Math function overloading

Kokkos math function for half-precision types must use specialized FP16 hardware units if available (rather than the FP32 ones) to achieve peak performance. Therefore, traditional output-correctness tests for the half-precision types are not sufficient.

Kokkos relies on a complex implementation strategy with many macros for providing math function overload resolution. For half-precision types, Kokkos provides a templated fallback that casts to float, and the CUDA backend provides a non-template overload that uses the CUDA intrinsics. According to the best viable function rules, the non-template overload is selected.

Manual inspection of the source code to verify that the correct implementation path is maintained as the supported architecture set and code base evolve is challenging, and requires substantial review effort.

TestMax shows how implementation correctness can be confirmed through automated SASS analysis for Kokkos::fmax for which a CUDA intrinsic __hmax exists.

References:

https://github.com/kokkos/kokkos/pull/8719

class examples.kokkos.half.example_math.Method(*values)View on GitHub 

Bases: IntEnum

CUDA_HMAX = 0: Use the CUDA intrinsic __hmax.

FMAX = 1: Use fmax(float, float).

KOKKOS_FMAX = 2: Use Kokkos::fmax(Kokkos::Experimental::half_t, Kokkos::Experimental::half_t).

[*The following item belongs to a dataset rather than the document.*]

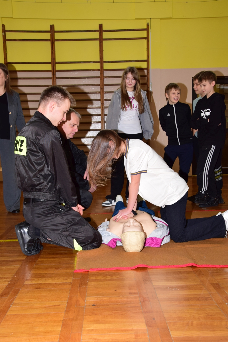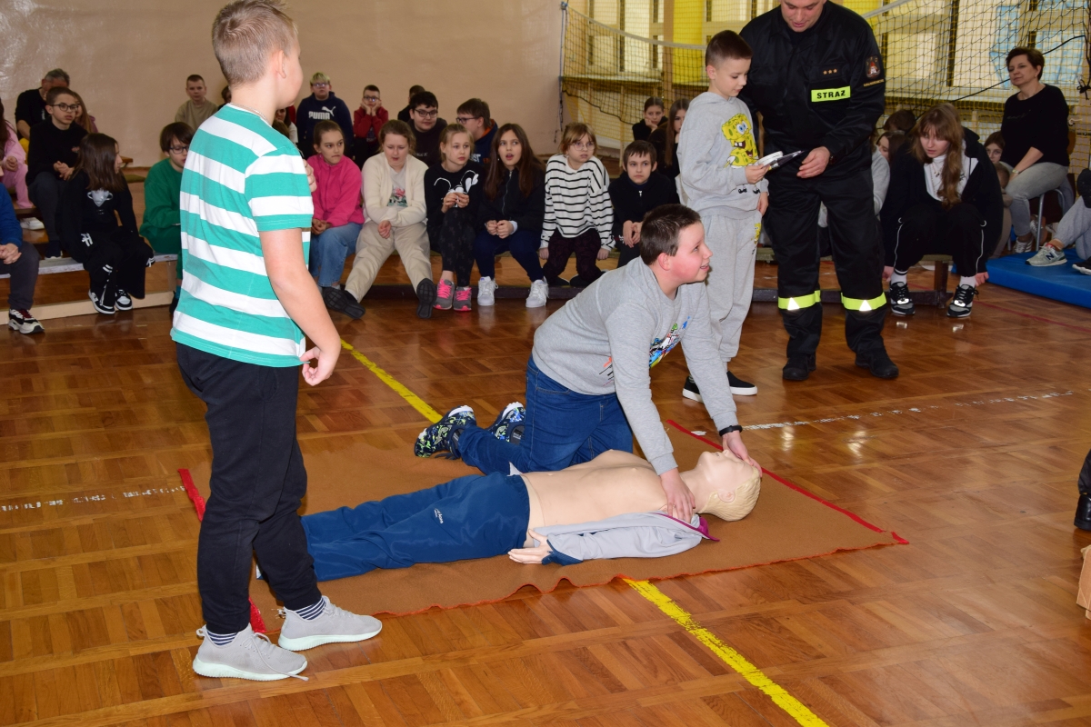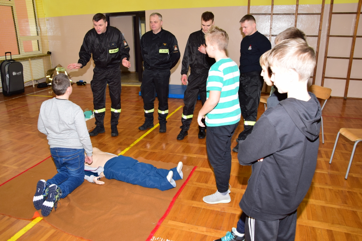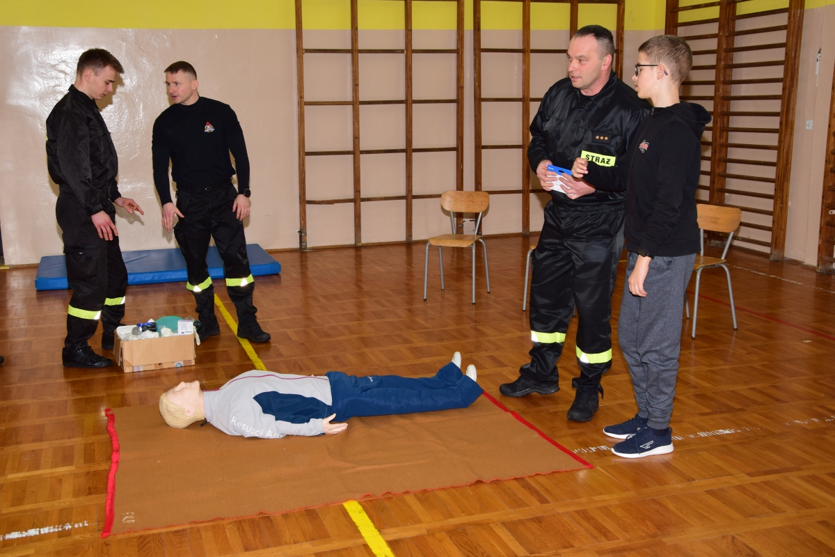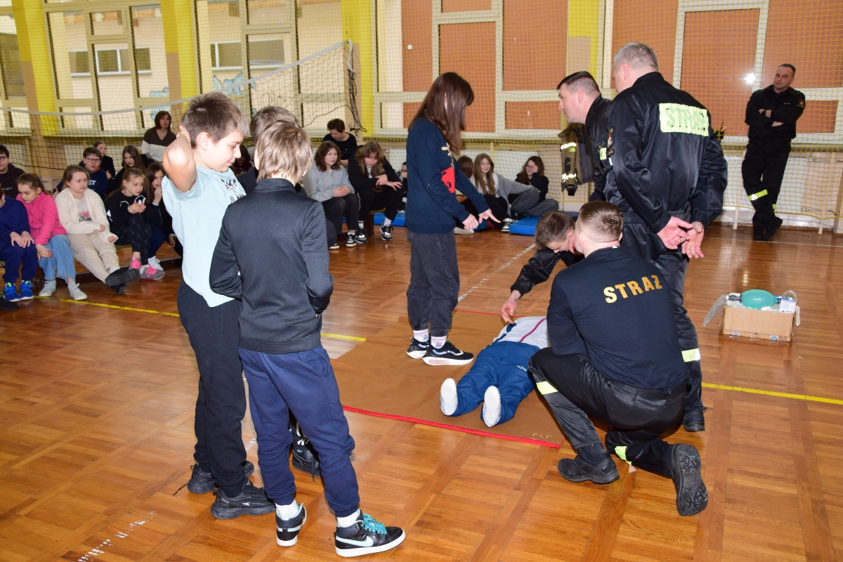 Strażacy zwrócili też uwagę na niebezpieczeństwo zatrucia tlenkiem węgla. Podkreślili, że montaż czujek to jeden z najprostszych sposobów ochrony życia i zdrowia. Dwaj uczniowie wyróżniający się wiedzą dotyczącą pierwszej pomocy, otrzymali takie czujki do swoich domów.

class examples.kokkos.half.example_math.TestMaxView on GitHub 

Bases: CMakeAwareTestCase

SIGNATURE_TEMPLATE: Final[str] = 'void Kokkos::Impl::cuda_parallel_launch_local_memory<Kokkos::Impl::ParallelFor<reprospect::examples::kokkos::half::FunctorMax<\\(reprospect::examples::kokkos::half::Method\\){method}, Kokkos::View<Kokkos::Experimental::Impl::floating_point_wrapper<__half>\\s*\\*, Kokkos::Cuda>>, Kokkos::RangePolicy<>, Kokkos::Cuda>>'

property cubin: PathView on GitHub 

cuobjdump() → CuObjDumpView on GitHub 

decoder(cuobjdump: CuObjDump) → dict[Method, Decoder]View on GitHub 

classmethod get_target_name() → strView on GitHub 

match_block_and_loads(*, instructions: Sequence[Instruction]) → tuple[BasicBlock, int, InstructionMatch, InstructionMatch]View on GitHub 

Find the block with two 16-bit loads, such as:

LDG.E.U16 R2, [R2.64]
LDG.E.U16 R5, [R4.64]

match_fp16(instructions: Sequence[Instruction]) → NoneView on GitHub 

Typically:

LDG.E.U16 R2, desc[UR6][R2.64]
LDG.E.U16 R5, desc[UR6][R4.64]
...
HMNMX2 R5, R2.H0_H0, R5.H0_H0, !PT
...
STG.E.U16 desc[UR6][R6.64], R5

match_fp16_to_fp32(*, src_a: str, src_b: str, instructions: Sequence[Instruction]) → tuple[int, InstructionMatch, InstructionMatch]View on GitHub : Conversion from FP16 to FP32.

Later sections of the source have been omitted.